My Pain into My Power
My journey of growth and healing has become my super strength.
I believe that everyone has that life altering moment where they have to make a decision that will change their life forever. Mine began as I was crossing the threshold into the new year of 2015 and I had the monumental awareness that Entering into my car no longer brought me the refreshing joy it used to. She exuberated me with Freedom because of the open road of destinations with unlimited possibilities. But the wind got knocked out of me as the earth shattering truth put me in perspective that she feels like a prison cell now, for she is the place I call home.
As I got into the passenger seat of my proudly owned possession, I looked at the toxic and abusive man next to me and realized that if this relationship continues I will be taking care of him for the rest of my life (This was the beginning of my deep realization that I have paid and cared for every man I have ever dated). We sold everything we owned to scrape by enough for food and keep a storage of what we could save of importance. He remained jobless while I was a college drop out still waiting tables to receive the fast cash for survival. This has been going on for over a year now and nothing has changed to give me hope for a positive future. I’m going on almost three years of not speaking to my family & friends because I believed I was fighting for love.
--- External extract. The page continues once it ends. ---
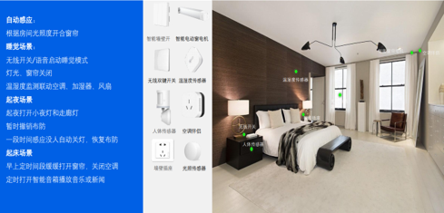 产品特点: 自动化与智能化:通过物联网技术将家居设备互联互通,实现自动化和智能化的居住体验。例如,设备可以自动响应环境变化,如人体传感器和光照传感器联动,人进房间灯光渐亮,离场后自动关灯关窗帘。 便捷的操作方式:支持多种控制方式,包括手机APP、语音控制和触摸屏控制等。 场景化体验:根据不同的生活场景自动调整家居设备的状态。例如,在客厅中可以通过语音控制调节电视机、音响系统以及灯光,打造出一个舒适的家庭影院。 安全与节能:具备高级的安全保障系统,包括智能门锁、监控摄像头和门窗传感器等,确保家庭安全。同时,通过智能控制家电的开关和使用,优化能源消耗,实现节能减排。例如,智能断路器可以实时监测线路负载,预测性报警电弧故障,短路响应速度比传统空开快0.2秒。 个性化定制:支持个性化定制,用户可以根据自己的需求和喜好,定制个性化的智能家居场景和自动化规则。

Completely embarrassed and ashamed, I no longer recognize the person I see in the mirror and this so-called life I was living . I once was a scholar athlete ( State qualified Runner, Class One Soccer champion and untouchable on the basketball court) with endless opportunities of where my life could go, so how did I walk through this rock bottom choice? With no one to blame but myself, I knew the time had come for me to put all of this to an end!
So this is where I became the hero of my own story, taking full responsibility for my actions and running full speed ahead at getting my life back on track of who I wanted to become. I left the life-sucking boyfriend, leaving behind everything I owned (not by choice); found myself a therapist; got back into college and started building my credit back up; paying off one bill at a time (not even trying to keep track of how much that relationship cost me #lifelessonsareexpensive). The climb may have been slow, but I was determined to make my way towards the future I could have had. I kept focusing on the positive to keep the momentum going because there was no point in turning back. It was too painful. Forward was the only place to go to get out of this very long, very dark tunnel which I knew I put myself in. I just kept trying to fix and repair the broken pieces in my unraveled world, but the question still remained: Why and how did I get here?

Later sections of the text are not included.